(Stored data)

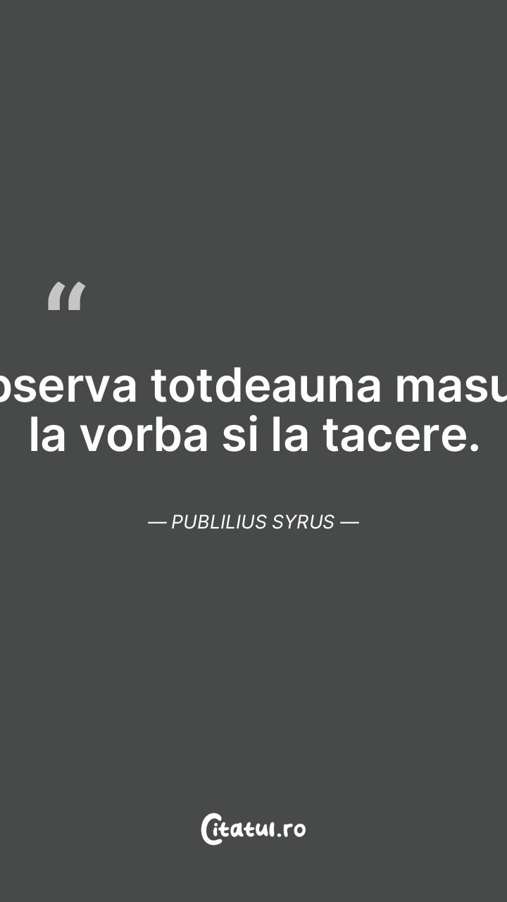 Observa totdeauna masura la vorba si la tacere. Publilius Syrus
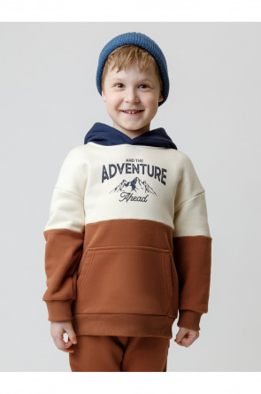 Худи с капюшоном для мальчика из тёплого футера с начёсом. Пояс и манжеты выполнены из мягкого эластичного трикотажа. Спереди удобный и вместительный карман-кенгуру. Худи сохраняет форму и стойкий цвет после многочисленных стирок и идеально подходит на каждый день. Оригинальный принт выполнен из стойких текстильных гипоаллергенных красителей. Все трикотажные полотна производятся в соответствии с нормами швейцарского сертификата ЭкоТекс.
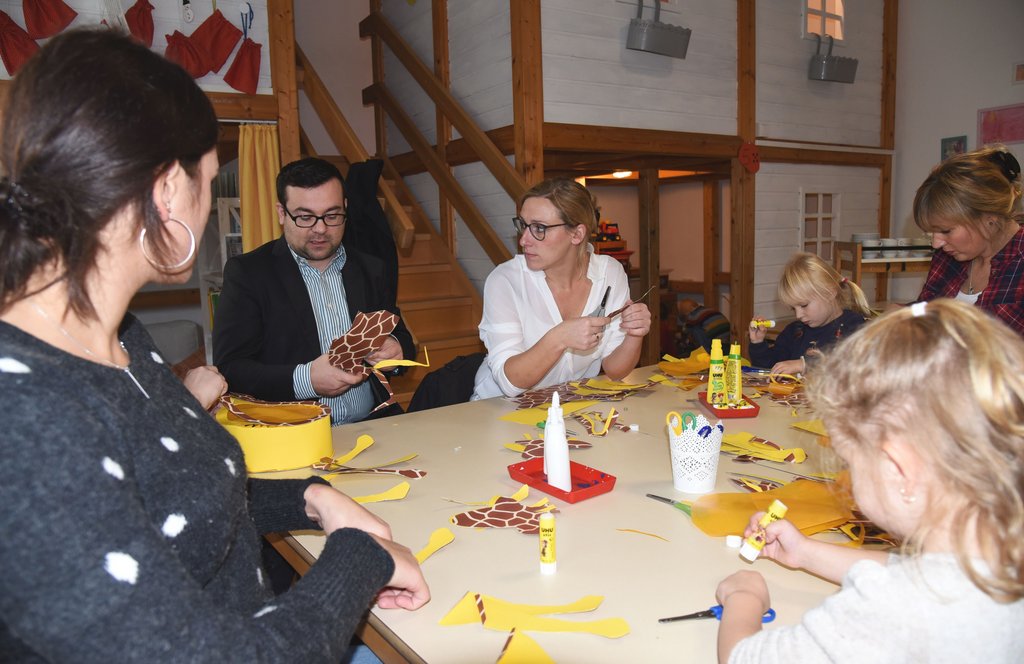 Zum Schluss nahm Dimitrios Axourgos in der Giraffengruppe Platz und unterstützte Mütter und Kinder eine Weile beim Basteln. "Ich freue mich sehr, dass in der Arche alles glatt läuft und die Kinder sowohl in der U3- als auch in der Ü3-Betreuung gut aufgehoben sind", erklärte der Bürgermeister.
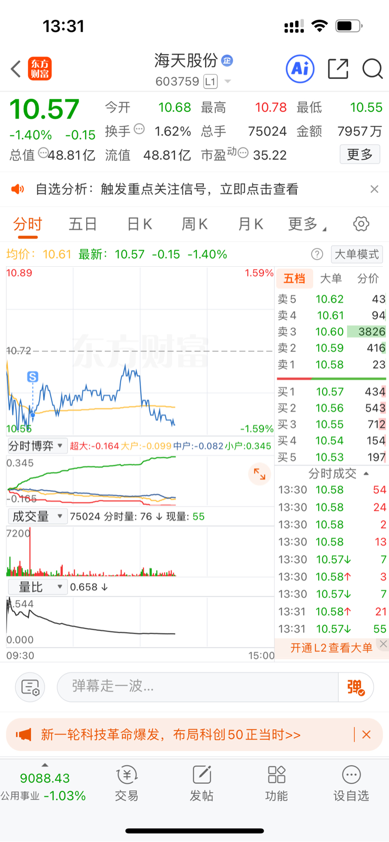 $海天股份(SH603759)$ 我以为我会卖飞,你是不争气呀!8块能接我回来不?
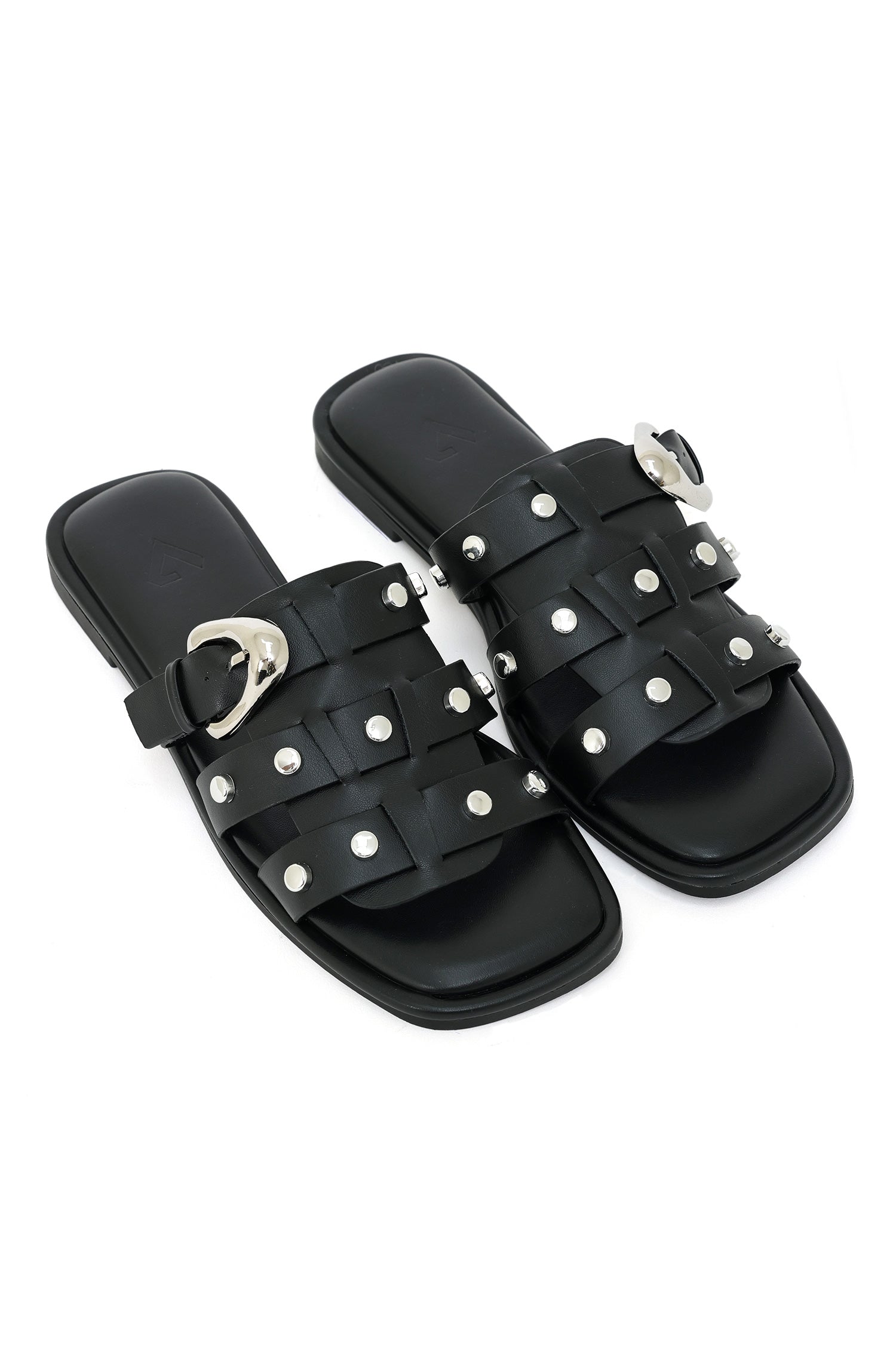 Boldly built with interlaced straps, metallic rivet accents, and a statement side buckle, these slides exude effortless edge. A squared foot bed adds structure while the slip-on design keeps it cool and convenient.
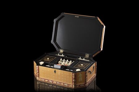 Scatola da cucito, l'esterno laccato in rosso e oro con figure, iscrizioni e bordature a motivi floreali, l'interno laccato in nero con ripiani e contenitori, con accessori in osso
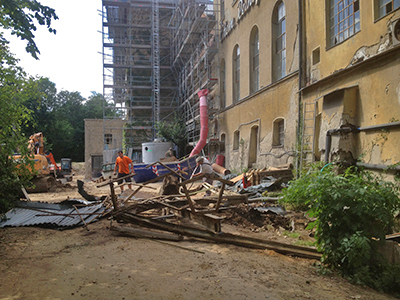 Hier soll das neue Treppenhaus entstehen – doch im Augenblick sieht es eher aus wie nach einem Bombeneinschlag.
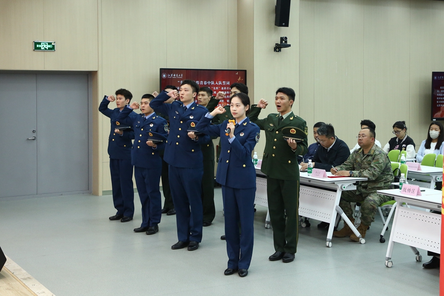 趙超為“先勝”迷彩青春中隊授予隊旗,校團委李丹書記宣讀中隊章程,中隊成員代表進行入隊宣誓,并與32506部隊某連隊簽署共建協議,學校聘任國防教育輔導員,標志著“先勝”中隊順利成立。中隊將積極為學校國防教育、學生軍訓、征兵工作、校園文化、社會服務、公益實踐等工作貢獻青春力量。

- **EXERCISE DIRECTIONS**: Hand back exactly the lines from the one with "Hier soll das" through the last line of the data above, both ends included, with every picture left out.

- **OUTPUT FOR THIS EXERCISE**:
 Hier soll das neue Treppenhaus entstehen – doch im Augenblick sieht es eher aus wie nach einem Bombeneinschlag.
 趙超為“先勝”迷彩青春中隊授予隊旗,校團委李丹書記宣讀中隊章程,中隊成員代表進行入隊宣誓,并與32506部隊某連隊簽署共建協議,學校聘任國防教育輔導員,標志著“先勝”中隊順利成立。中隊將積極為學校國防教育、學生軍訓、征兵工作、校園文化、社會服務、公益實踐等工作貢獻青春力量。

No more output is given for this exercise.